Whenever a picture appears, omit it, and set down everything else in the records exactly.

(Data for processing)

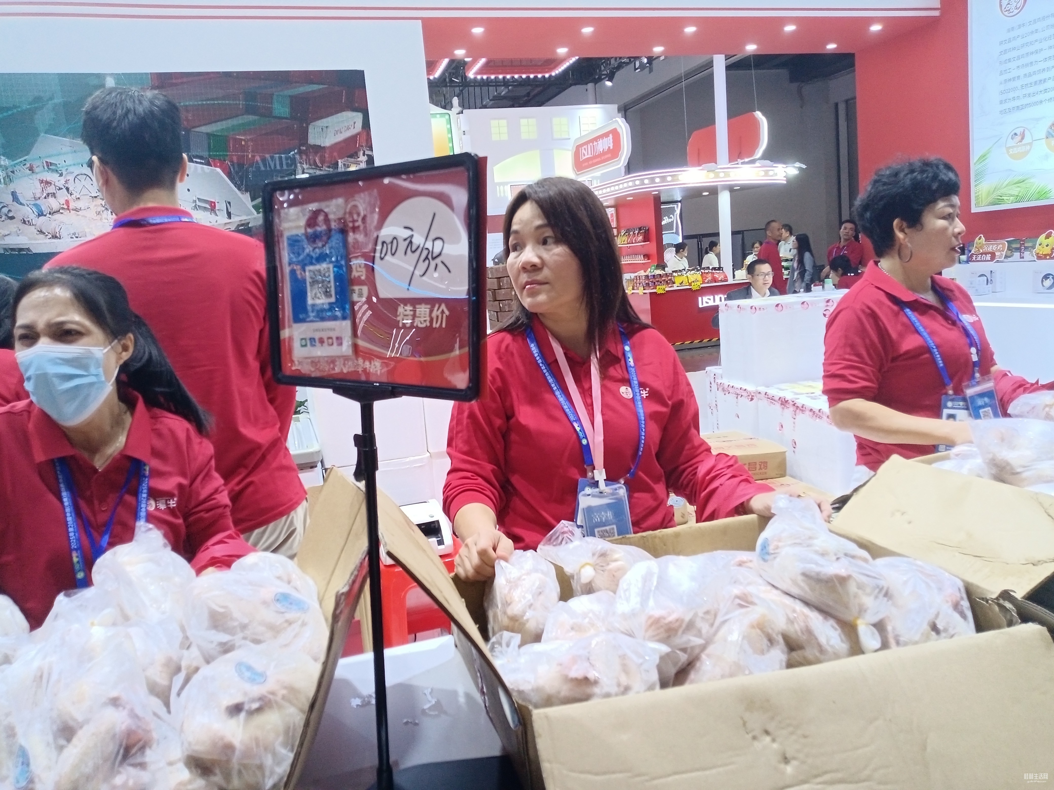 展台工作人员切了芒果让大家品尝,又香又甜,离开时,我果断买了一袋,花了20元。
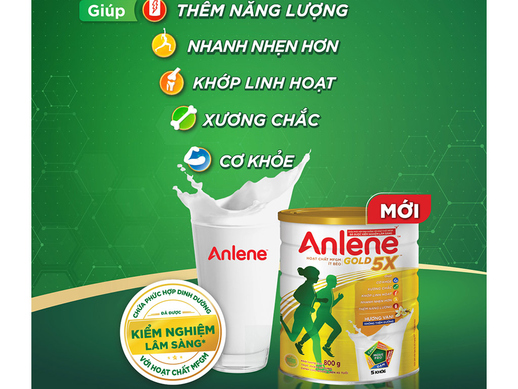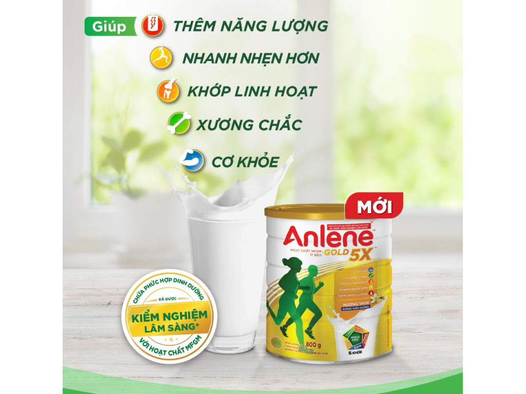 Anlene Gold 5X hay còn có tên gọi là Anlene 5 Khoẻ mới là sản phẩm sữa có hương vani ngọt dịu, giàu canxi và ít chất béo, dễ uống đối với những người lớn tuổi. Ngoài ra, sản phẩm còn chứa nhiều dưỡng chất thiết yếu giúp hỗ trợ hệ Cơ - Xương - Khớp khỏe mạnh. Sản phẩm sở hữu công thức đặc biệt giúp
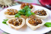 Kolędy z pieczarkami na czerwony serwetka z Boże Narodzenie zabawki
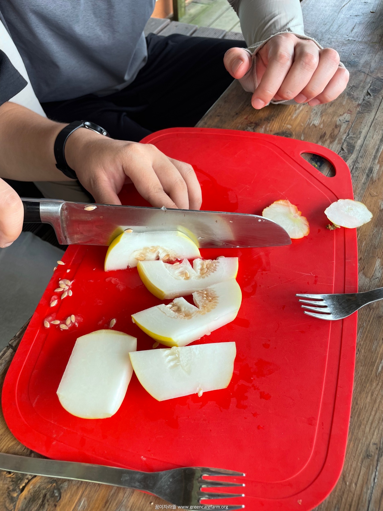 - 올 해 고등부 텃밭에 참외와 복수박이 풍년이었습니다. 덕분에 칼로 잘라 먹는 연습을 실컷 해 봤습니다.
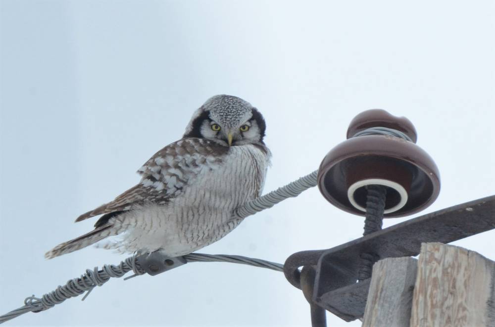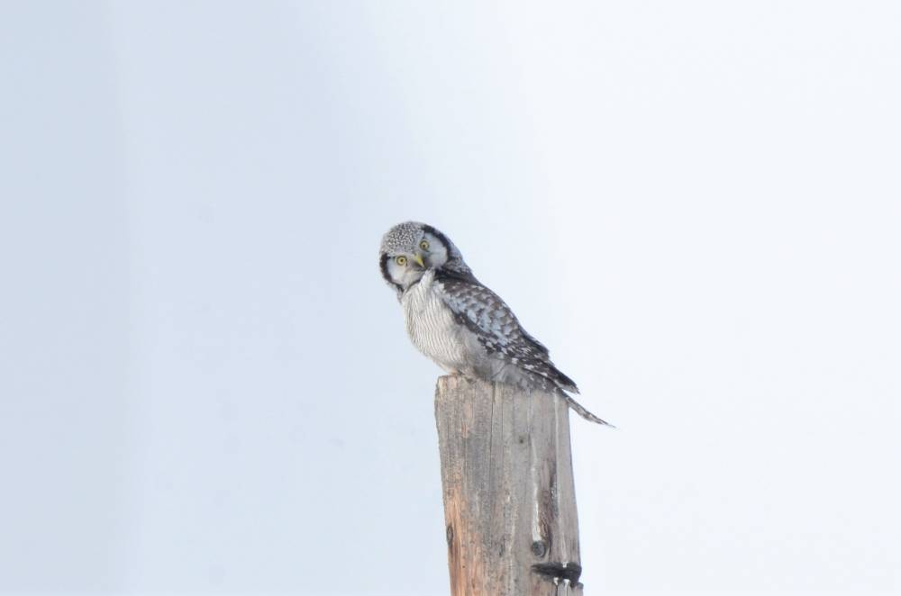 Далее выехали в сторону с. Королёвка и примерно на пол-пути до деревни встретили Ястребиную сову на столбе у дороги. Остановившись, чтобы её поснимать, встретились с Денисом Казаковым. Он рассказал, что дальше до деревни никого нет, а дорога там тупиковая, и въехать в Томскую область здесь, как мы изначально планировали, не получится.

(End Data for processing)

Solution to this exercise
 展台工作人员切了芒果让大家品尝,又香又甜,离开时,我果断买了一袋,花了20元。
 Anlene Gold 5X hay còn có tên gọi là Anlene 5 Khoẻ mới là sản phẩm sữa có hương vani ngọt dịu, giàu canxi và ít chất béo, dễ uống đối với những người lớn tuổi. Ngoài ra, sản phẩm còn chứa nhiều dưỡng chất thiết yếu giúp hỗ trợ hệ Cơ - Xương - Khớp khỏe mạnh. Sản phẩm sở hữu công thức đặc biệt giúp
 Kolędy z pieczarkami na czerwony serwetka z Boże Narodzenie zabawki
 - 올 해 고등부 텃밭에 참외와 복수박이 풍년이었습니다. 덕분에 칼로 잘라 먹는 연습을 실컷 해 봤습니다.
 Далее выехали в сторону с. Королёвка и примерно на пол-пути до деревни встретили Ястребиную сову на столбе у дороги. Остановившись, чтобы её поснимать, встретились с Денисом Казаковым. Он рассказал, что дальше до деревни никого нет, а дорога там тупиковая, и въехать в Томскую область здесь, как мы изначально планировали, не получится.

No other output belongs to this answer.